No. The framework is taught in college and law school classrooms, not K-12 schools.

Concepts that are central to critical race theory, like the lasting effects of slavery, may be taught in some K-12 classes. There’s also some overlap in efforts to make sure students can identify “inequity and injustice at different levels of society,” a small part of what newly proposed state standards for social and emotional learning call for students to do by 11th and 12th grade.

But it’s become conflated with many unrelated efforts, including new state requirements that affirm and support transgender and nonbinary students.

Teaching students to think critically about race is not the same thing as critical race theory taught to much older students. General efforts to improve diversity or create equity are not part of the critical race theory framework.

Although it isn’t taught in K-12 schools, academics often use it to explain inequality in education.

Discrimination against white people?

This is one of the most common charges leveled by critics.

The concept doesn’t try to explain individual actions and isn’t meant to make members of any group feel guilt, but rather to explain why systemic racism exists.

“It’s looking at systemic inequities,” Nolan Cabrera, an education professor at the University of Arizona, said on a call with reporters last month. “If you and your actions are supporting that, then you might feel bad about it, but there’s nothing inherent that says white people need to feel bad and that white guilt is a central component of this in any way, shape or form.”

Learning about systemic inequities can make people more aware of their own biases, and that self-reflection can feel uncomfortable.

But there’s nothing about critical race theory that suggests anyone is automatically racist, Georgetown University law professor Gary Peller said. Peller, who’s been involved in the movement for decades, argues that thinking about race critically doesn’t tear white people down either; it can also expose challenges white people from low-income backgrounds face.

“We do not believe that by virtue of skin color people have essential qualities,” Peller said. “That’s textbook racism.”

What does debate mean in classroom?

Facing political backlash over the fabricated definition “critical race theory,” schools and states across the country have started limiting how teachers can talk about race and racism in their classrooms.

The Gloucester County School Board voted unanimously in June to develop a policy on “critical race theory,” after dozens of people spoke up in public comment asking the board to take a stance. The board is planning to hold a town hall Tuesday evening about some of the recent charges leveled against the district.

In Virginia Beach, School Board member Carolyn Weems proposed a resolution that would ban training teachers or teaching students about critical race theory or anything that would, in her words, promote the idea that the United States “is a fundamentally or systematically racist country.” It hasn’t formally come before the board yet — the board canceled the meeting where it was to be discussed, something Weems’ colleague Vicky Manning has argued was illegal and intentionally designed to shut down discussion about the resolution. A judge disagreed with her.

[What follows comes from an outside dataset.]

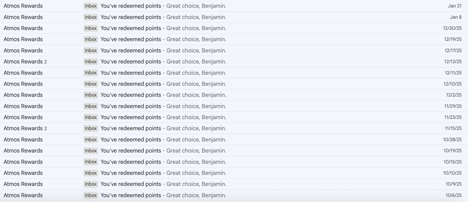 Just as an example, below are the reservations confirmations I’ve received from Atmos Rewards in the last few months alone. That’s a total of 20 confirmations, and it includes a total of 34 one-way redemptions (since some trips are for multiple people). That’s $425 in waived partner award booking fees!

Elsewhere, governors in at least five states have signed legislation limiting discussions of race, according to Education Week. In others, state boards of education and legislatures have also introduced policies to restrict teaching.

There have been no such statewide efforts in Virginia, although a key campaign issue for Republican gubernatorial hopeful Glenn Youngkin is his opposition to critical race theory. He has told Politico he’d issue an executive order to ban it in classrooms if elected.